Sigorta sözleşmesi sırasında aksinin kararlaştırılması halinde sözleşmenin tümünün geçersiz sayılmasını gerektiren birinci grup emredici hükümler bakımından da durum benzerdir. Daha sonra (özellikle riziko sonrasında) yapılan emredici hükme aykırı anlaşma, daha önce meydana gelmiş bulunan geçersizliği (emredici hükme aykırılığı) düzeltmeyecektir. Mesela sigortalanabilir çıkar bulunmadığı halde yapılmış olan bir sigorta sözleşmesi TTK 1408 uyarınca geçersiz olacak ve bu geçersizlik daha sonra sözleşme ile ortadan kaldırılamayacaktır.  
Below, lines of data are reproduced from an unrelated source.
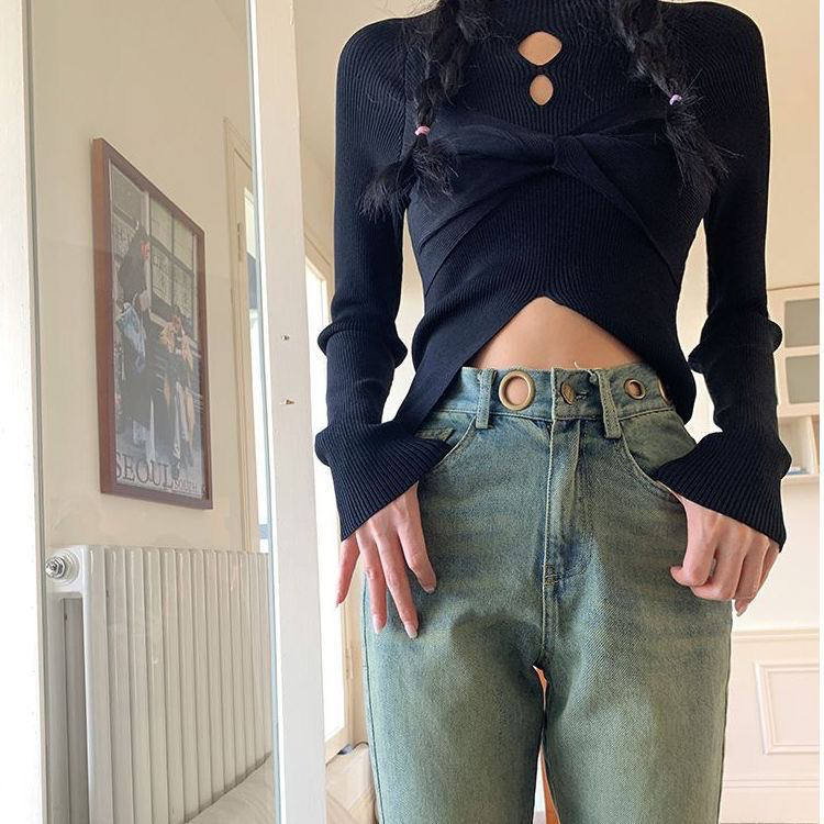 FA56723# 设计感新中式套头半高领镂空针织衫上衣女春季新款黑色毛衣潮 服裝批發女裝批發服飾貨源
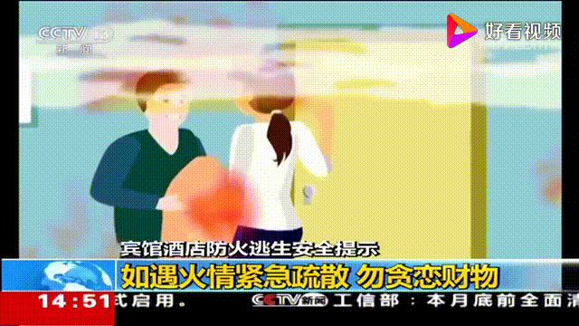 火災(zāi)撤離時,要聽從賓館工作人員的引導(dǎo)。當(dāng)遇到?jīng)]有煙火或煙氣較小時,應(yīng)迅速疏散到安全出口撤離,切勿貪戀財物錯過逃生時機。
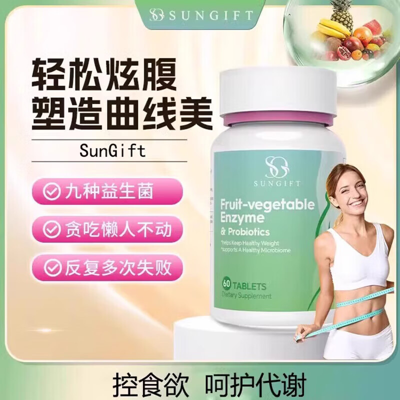 sungift果蔬酵素膳食纤维消化益生菌夜间酵素片身材管理大餐嗨吃 60粒*4瓶

Kişilik haklarının zedelenmesi hususunda şunu vurgulamakta yarar olduğunu düşünmekteyiz: Sorumluluk sigortasında can zararları (ölüm ve yaralama; engelliliğe neden olma) sebebiyle ileri sürülen tazminat istemleri de çoğu halde sigorta koruması kapsamında olacaktır. Başkasının can zararına maruz kalması dolayısıyla sorumlu tutulan kişi (mesela araç işleticisi, hekim) malvarlığı üzerinde mali yük oluşturan bu tazminat ödeme borcu (pasifteki artış) sebebiyle zarara uğramış (malvarlığı kötüleşmiş) bulunacaktır. TTK 1404 ise “kişilik haklarına aykırı eylemden doğan zarar” için sigorta yaptırılamayacağını öngörmektedir. Can zararlarından sorumluluğu temin eden sigortaların geçersiz sayılması düşünülemeyeceğine göre yasa hükmünü farklı anlamak gerekecektir.